Delay is another style of intervention. If the situation poses a high risk to intervene right then and there, walking away is not naivete. This is applicable when you are outnumbered or violence is in the offing. With this style, you have to wait for the situation to pass or subside before you ask the victim if he or she is alright. One other option is to report the incident as soon as it is safe.
Intervene soonest before the situation escalates into a crisis. Stay calm the entire time as you gather data and provide the help and support that you can.
Confronting the harasser is a helpful step, whether you know the person or not. This can be done by telling the harasser politely, directly, and honestly that their words or language is not okay. An example of this is saying, “What you said just made me feel uncomfortable” or “Are you aware of how problematic that is?”
You may take action using online platforms. Anyone can address an online culture that condones rape and sexual violence. Online comments that punish or blame victims contribute to a culture of impunity for those who commit sexual violence, and these must be avoided at all costs. Believe in and support victims and survivors in any way. Respond to victim-blaming, online rape jokes, and other discriminatory comments on social media. Provide a link to a reliable resource on sexual violence prevention.
Always have a proactive attitude. Practice around your friends and family what you have to say and if ever you find yourself in a situation wherein you have to confront a harasser. Consider how you want others to respond for help on your behalf. Reflect on any situation when you wished you had a different reaction.
Bystander Intervention Training Workplace
Bystander Intervention Training Online enhances workplace performance and culture. It’s for everyone’s convenience that an online training course on Bystander Intervention Training Racism is available. The course is highly interactive and engaging and can be done in your preferred setting and pace. You may access interactive bite-sized episodes that are intended to be watched using any device you prefer.

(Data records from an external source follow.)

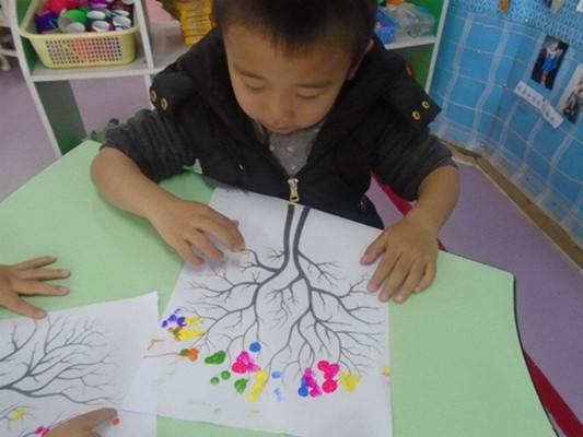 小五班开展了手指点画——彩虹树的美术教学活动。活动中,孩子们用自己小小的手指在颜料中轻轻一蘸,再在纸上一按,将大树装扮成了美丽的“彩虹树”。这次的活动,不仅很好的锻炼了孩子们的小肌肉和手指灵活性,也能让孩子们体验到绘画的无限乐趣,激发孩子们对美术活动的兴趣。
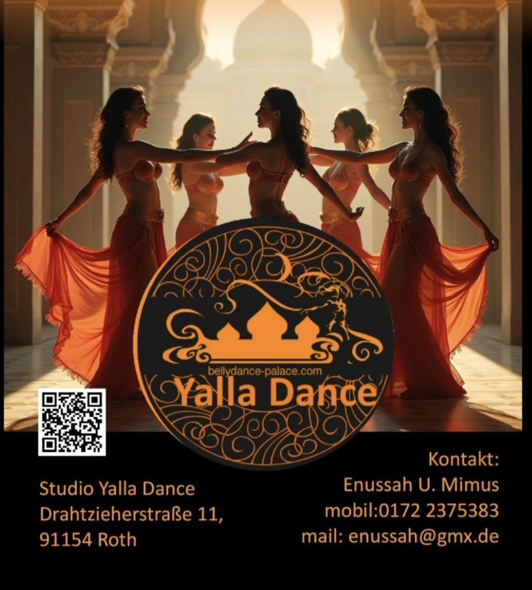 Das qualifizierte und sympathische Lehrerteam , unterrichtet mit Know How, Geduld und viel Empathie in zwei Unterrichtssälen im wunderschönen Ambiente des Studios Yalla- Dance.
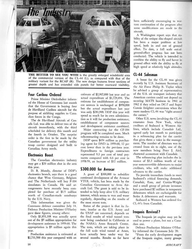 pg. 50-53 - $300,000 for Avrocar - Announcement that the Cdn. Government has granted $300K to Avro Aircraft Ltd. to subsidize continued development of the Avrocar VTOL vehicle. Iroquois Revived? - article stating that several aircraft production companies have expressed interest in partnering with Orenda Engines and the Cdn. Gov't to complete the development of the Iroquois engine. CF-104 Work to Avro - contract for the production of external fuel tanks for the CF-104General Notes
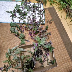 ダイソー産トラディスカンチアさん(トラディスカンチアさん内の誰かは不明)です。 順調に伸びてます。 白い斑のコとピンクの斑のコがいます。 下に敷いてあるのは、吸水マットです。このコたちの上にぶら下がっているエアプランツ達のお水やり🚿した後にみずが垂れても大丈夫なようにしているのですが、ふかふかのこれの上にトラディスカンチアさんが伸びてます。おふとん状態🛏️🤣。 葉焼け防止のため、夏はベランダに外出禁止🈲です。 このため、ピンクのコはピンクが薄くなっています。ピンクが濃くなるには日光浴⛱️がかかせません。 秋🍁🍄🍇🍠🍄🟫🌰🥜が待ち遠しいかな。
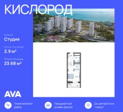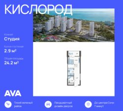 В продаже студия, площадью 20.67, расположенная Литер 3 жилого комплекса бизнес-класса "Кислород". Комплекс от девелопера AVA находится в Сочи, на северном склоне горы Бытха, в 7 минутах езды от центра города.

This particular course helps employees to know and understand the logic behind speaking up and how and when to do so. This is particularly against discrimination, microaggressions, and harassment in the workplace. It is crucial that by the end of the Bystander Intervention Training Workplace course, the participants begin to understand why and how this training can help foster a positive work environment.

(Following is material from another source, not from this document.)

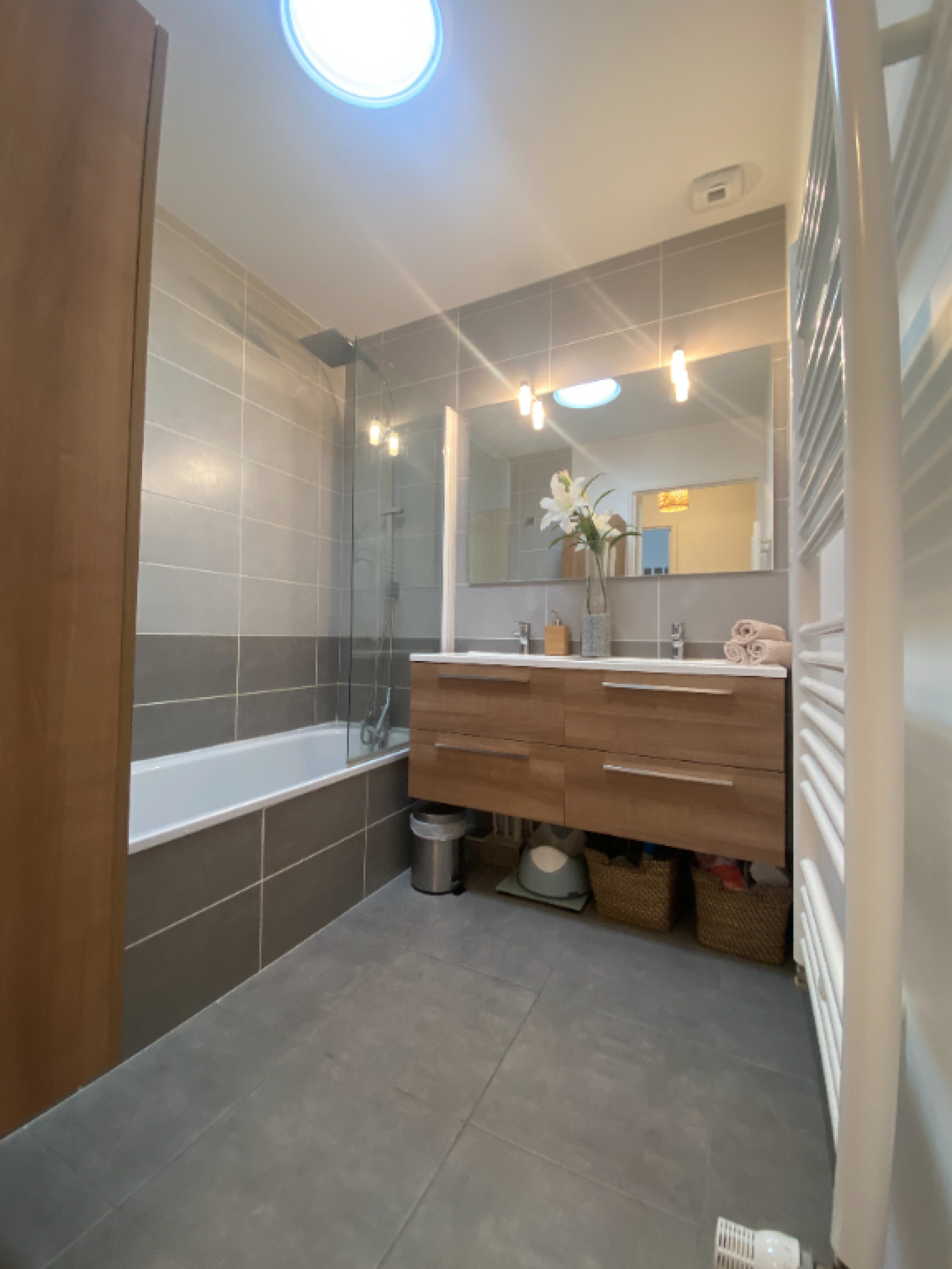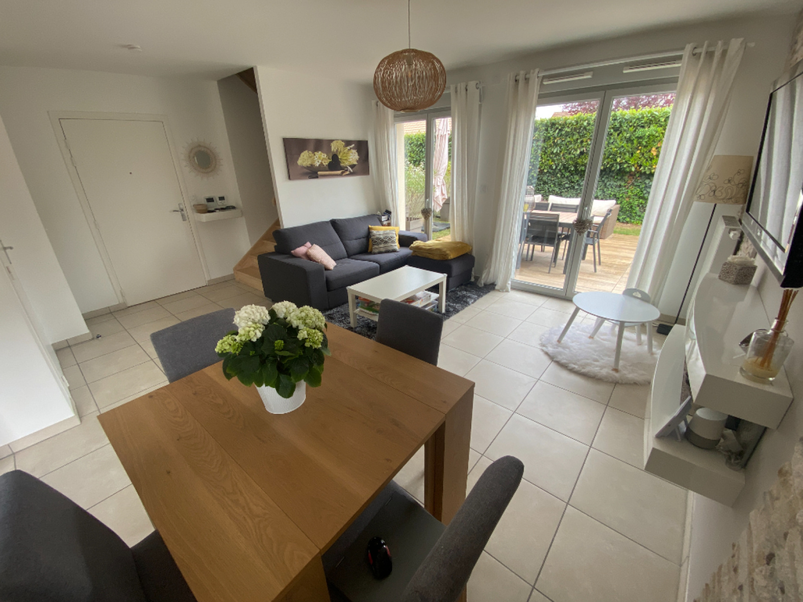 * En exclusivité * Kate Brown vous présente au coeur de ville, de Chassieu ce superbe duplex de 68,72 m2 construit en 2018 par le groupe Prom-S et vendu avec DEUX garages fermés en sous-sol ! 80 lots dont 36 d'habitations pour cette petite copro arborée et entretenue de 7 petites résidences Ce duplex est tout comme une petite maison charmante avec son jardin de 80 m2 , sans réel vis-à-vis grâce à la végétation ! Un espace de détente super adorable avec sa grande terrasse ! Aucun travaux à prévoir ! Au rez-de-chaussée, la jolie pièce de vie exposée Est-Nord-Ouest de 28,28 m2 ouverte sur la terrasse et le jardin avec la cheminée électrique 1600w pour l'effet déco cocon ! La cuisine Aviva de 2018 est toute équipée d'électroménagers Bosch et surtout offre de très nombreux rangements Le grand toilette/buanderie complète le RDC en offrant un espace aménagé pour les machines et beaucoup de rangement : manteau, réserves, etc.. A l'étage la chambre parentale de 14,10m2 est superbe, lumineuse, exposée Est et avec un grand placard mural La 2ème chambre de 10,29 m2 est également exposée Est avec grand placard mural La salle de bain de 4 m2 avec ses deux vasques + meuble de rangement, la colonne et la baignoire profite d'un puit de lumière naturelle ! Les toilettes sont séparés de la SDB Vous profiterez d'un 3ème grand placard mural dans le dégagement Le duplex est très bien conçu et profite d'un volume et de rangement plus intéressant que ses homologues dans la résidence Le duplex est vendu avec deux garages fermés en sous-sol Chauffage gaz de ville individuel Chappee Contactez moi pour +++ d'informations au 06.32.90.30.94 ! Kate

Bystander Intervention Training Harassment
The famous line that addresses harassment in the workplace stands. This is “When you see something, say something.” This line has made its way into workplaces as more organizations are seeking ways to address the age-old issue of harassment.

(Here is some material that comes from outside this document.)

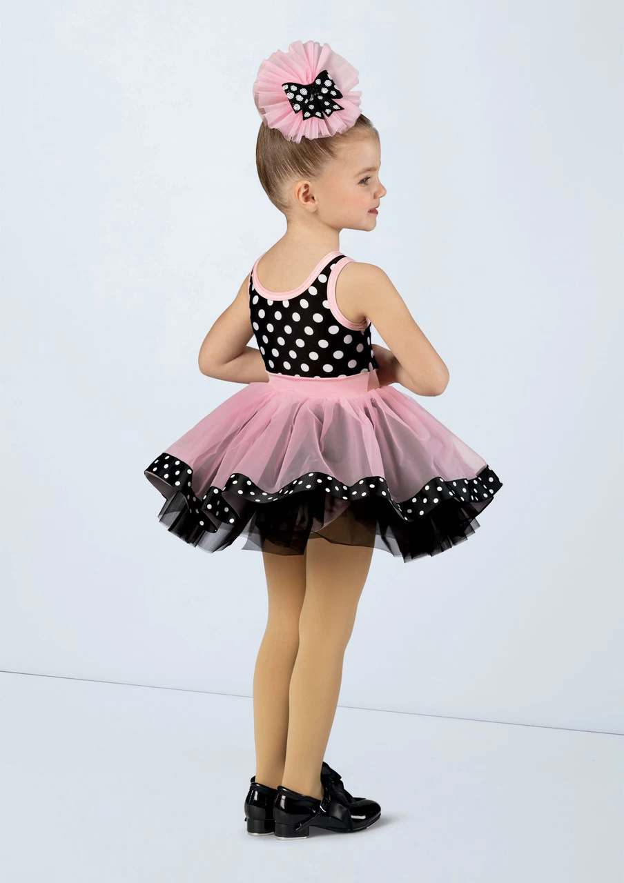 -Polka dot sequined bow at the shiny spandex waist inset
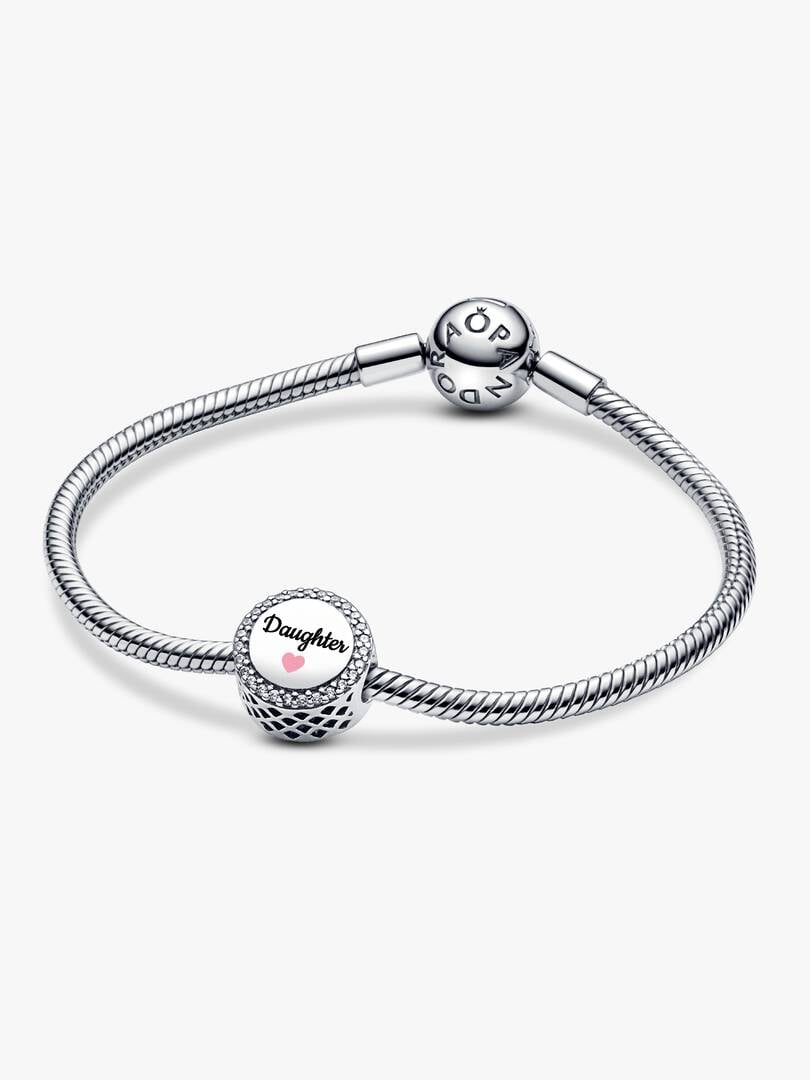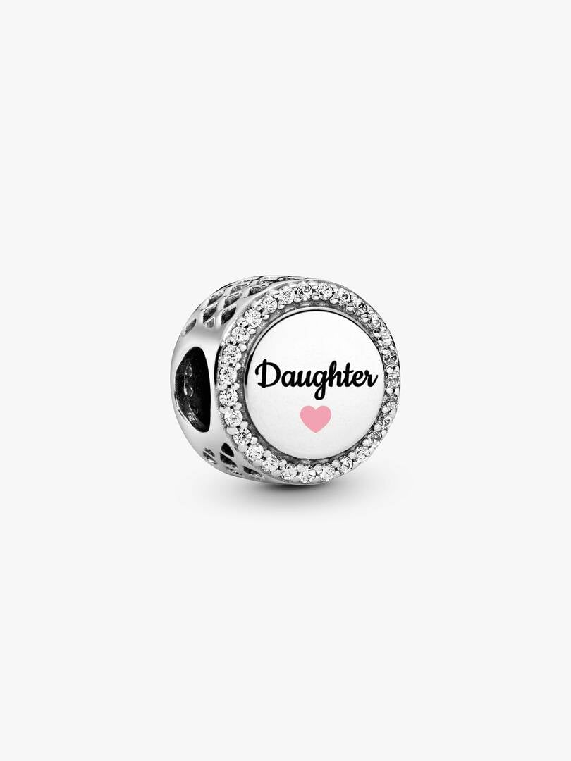 Celebrate your unbreakable bond with this stunning Engravable Daughter Charm. Featuring a dazzling row of pavé cubic zirconia and engraved with “Daughter” and a small pink heart, it’s a heartfelt tribute to your special

In some states, NPR Bystander Intervention Training is not left alone to chance. They implemented bills that require the conduct of Bystander Intervention Training which should include practical guidance on spotting problematic behavior and motivating bystanders to take action.
This training is not meant to turn bystanders into workplace harassment cops. Instead, the training is designed to teach participants skills that will enable them to take small steps to maintain a safe and respectful workplace.
Sexual Assault Bystander Intervention Training
An integral part of a Bystander Intervention Training Workplace course is knowing the warning signs when a sexual assault is about to happen. This means that bystander intervention is required. The training must also include effective strategies to prevent a sexual assault from taking place. Some of the attitudes that allow the perpetuation of sexual assault include condoning rape jokes and victim blaming. According to studies, most men disagree with these, but they are afraid to speak up.
Online Bystander Intervention Training
A published study (Roberts, 2022) revealed that interactive techniques such as the use of videos, group discussions, and the use of real-world examples were more effective training strategies. They all stood out and were easily remembered by the participants. This contributes to the awareness of what training design and delivery work best for future training.